The awkward grammar of that sentence notwithstanding, it's pretty clear the Premier is saying that after this year there is no guarantee of anything since large public sector deficits would mean the provincial government wouldn't be able to honour wage increases of the kind being offered today when it supposedly has the cash.

But does it have the cash this year even though the Premier put it this way in the legislature:

We will have a good year this year. I indicated yesterday, just outside this House, that we will, in fact, exceed our surplus this year, even if the price of oil is at $50.

The answer is yes, but they will do it by running a deficit and borrowing hundreds of millions of dollars, just as the budget planned to do all along.
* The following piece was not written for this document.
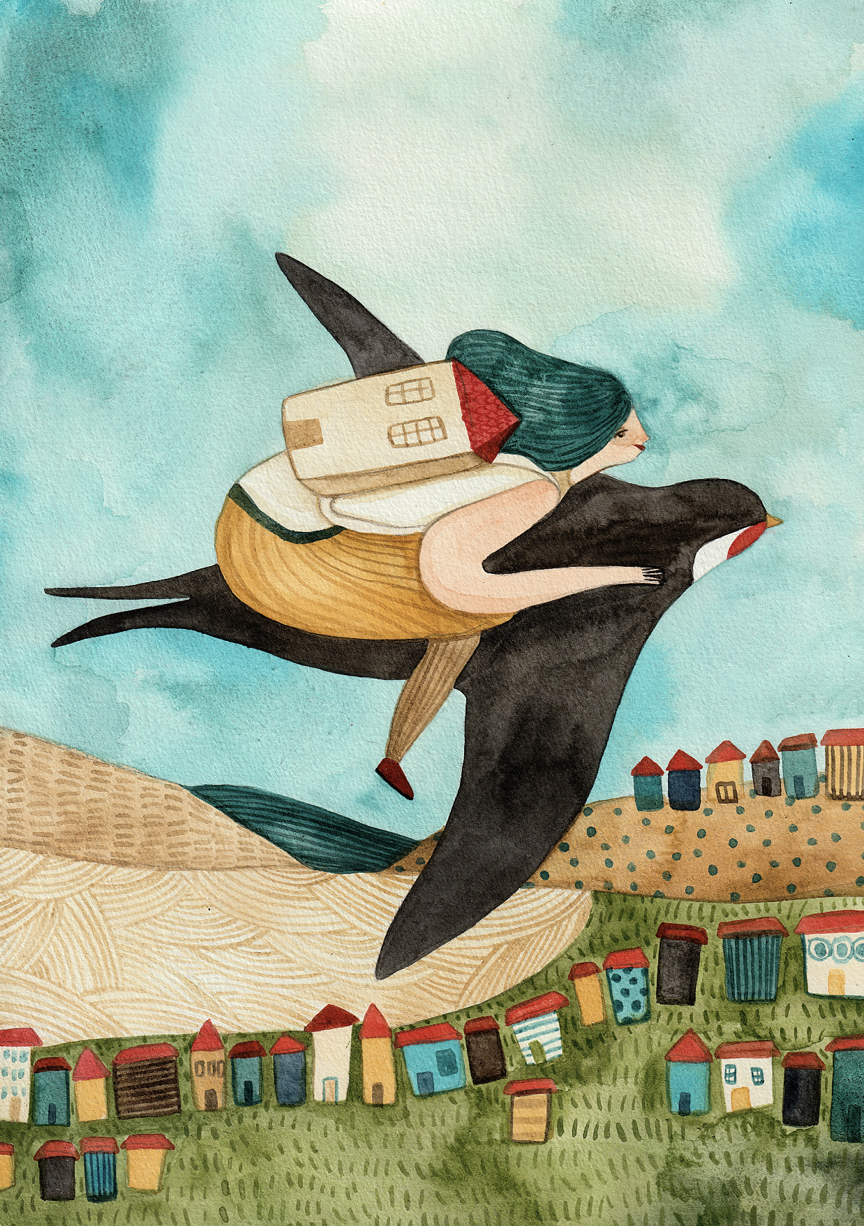 Mulher a voar numa ave preta gigante com casa às costas sobre aldeia colorida

Incidentally, at US$50 a barrel the provincial deficit would likely be more than $478 million this year.

The problem next year is that the budget deficit next would be even larger than the one likely in this year if you assumed oil at .

Remember that when the Premier talks surplus he's talking accrual accounting.  You have to subtract $360 million in imaginary money to get a sense of the real number.  What we are using here is the budget as presented in the House, which uses a modified cash basis of accounting.

Let's hold all things as they are in the current budget.  Now that's a bit artificial since even this year mineral revenues are dropping and just about every category of revenue should be taking a dip in the second half of the year.  What with the Premier threatening possible wage freezes, cuts or rollbacks or anything but the happy increases promised before, he's likely sending a huge chill across consumer confidence.  So it's artificial but let's focus on oil to illustrate the scope of the government's problem.

Given:

1.  Price = US$50 per barrel.

2.  Exchange rate = 25%.  That's actually higher than the rate I used before.

3.  Annual oil production = 105 million barrels

Therefore:

4.    Provincial oil royalty = $1.115 billion.

That's $600 million less than this year's starting point in the budget and, as you are now tired of hearing, the original budget projected a cash shortfall of $414 million plus an additional round of "off book" borrowing of $380 million.

Does anybody really think the provincial government could offer any wage increases with a deficit of $1.3 billion? 

Of course not.

Plus they know the Premier's wages versus social programs dichotomy is entirely false since the largest chunk of program spending is wages. 

All the Premier has succeeded in doing the past couple of days is further eroding public confidence in the local economy and the provincial government's ability to ride out the financial crisis the Premier likes to talk about to claim. 

Well, that is talk about when he doesn't want to forecast doom in order to frighten people as part of his brilliant negotiating strategy.

What we end up with isn't a dose of reality.

We just get someone shaking the magic eight ball again.